On the assessment side, in addition to detailed history and neurological examination, his clinic uses:
- Video eye movement tracking (VNG/VOG) to assess eye movements with and without visual targets
- Static and dynamic posturography and sensory organization testing to understand how patients use vision, vestibular input, and proprioception for balance
- Clinical tests that attempt to tease apart cervical, vestibular, and visual contributions to dizziness and imbalance
Examples include:
- Neck torsion tests, where the body is rotated under a stable head to stress the neck without activating the vestibular system. Worsening symptoms here point toward a cervicogenic or proprioceptive component.

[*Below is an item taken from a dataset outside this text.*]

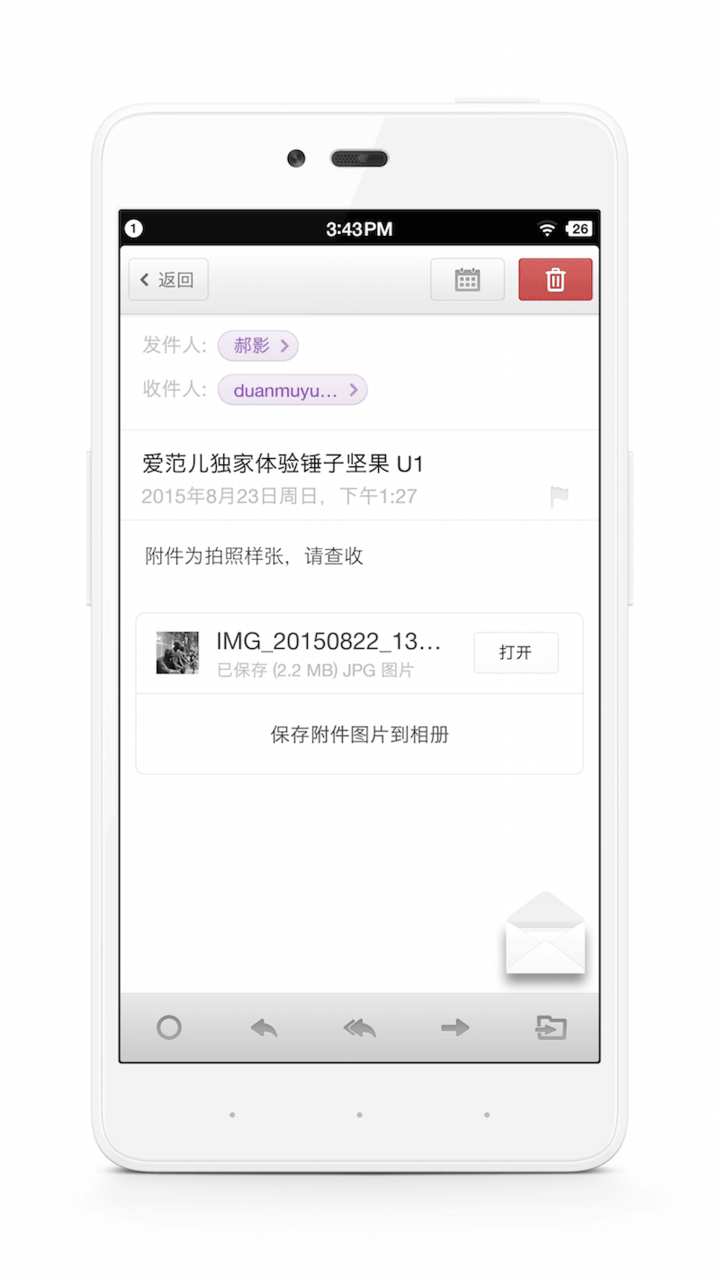 锤子系统 2.0 在自带邮箱应用中引入了很实用的「最小化」功能,你可以随时将编写窗口最小化至右下角,在此期间你不仅可以翻阅其他邮件,甚至还可以直接将其他邮件里的附件「丢」进最小化的编写窗口。

- Cervical joint position error testing, where a patient tries to return their head to neutral with eyes closed, often using a head-mounted laser. Difficulty here indicates impaired proprioception—an inability to sense where the head is in space.

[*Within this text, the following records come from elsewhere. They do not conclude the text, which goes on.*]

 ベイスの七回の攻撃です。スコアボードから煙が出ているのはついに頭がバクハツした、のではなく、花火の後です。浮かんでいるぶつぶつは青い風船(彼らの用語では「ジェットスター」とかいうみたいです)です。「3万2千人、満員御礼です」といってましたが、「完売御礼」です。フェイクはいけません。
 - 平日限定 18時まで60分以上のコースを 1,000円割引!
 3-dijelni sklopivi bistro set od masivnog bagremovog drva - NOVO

- Simple but revealing maneuvers like pressing the neck (“neck hug”) or leaning against a wall to see if added proprioceptive input stabilizes symptoms—more likely in cervicogenic/proprioceptive dizziness than in classic positional BPPV.
On the treatment side, Demian stresses three core principles:
- Specificity – Targeting the exact sensory and neural pathways that are underperforming.

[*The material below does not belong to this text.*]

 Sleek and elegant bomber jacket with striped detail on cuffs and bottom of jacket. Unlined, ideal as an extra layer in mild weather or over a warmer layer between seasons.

- Dosage – Carefully titrating intensity and duration so the brain is challenged but not overwhelmed.
- Prioritization – Deciding which sensory system or integration problem to work on first, and in what sequence.
Manual therapy can play an important role, particularly when there is a cervical contribution. But it rarely stands alone. Right after improving neck function, for example, he often adds gaze stabilization, habituation exercises, or controlled visual motion exposure, so that the neck’s improved proprioceptive signals are correctly integrated with vision and vestibular input.
In Brian’s case, objective testing showed that his eye tracking and ability to hold on to visual targets—both in stillness and during movement—were severely impaired. Over time, he progressed from severely reduced performance to healthy, normative ranges. That improvement was not just on paper; it translated into real-world abilities like playing pickleball, tracking fast-moving targets, and navigating dynamic environments with much greater confidence.
For Demian, success is measured not only in test scores but in quality of life: patients getting back to sports, work, and daily activities they value. Brian’s story illustrates how complex, overlapping problems—mycotoxin illness, bilateral vestibular dysfunction, and neuroinflammatory effects on the nervous system—can, with the right combination of medical treatment and targeted neurorehabilitation, be disentangled enough for the brain to relearn how to switch, adapt, and function at a high level again.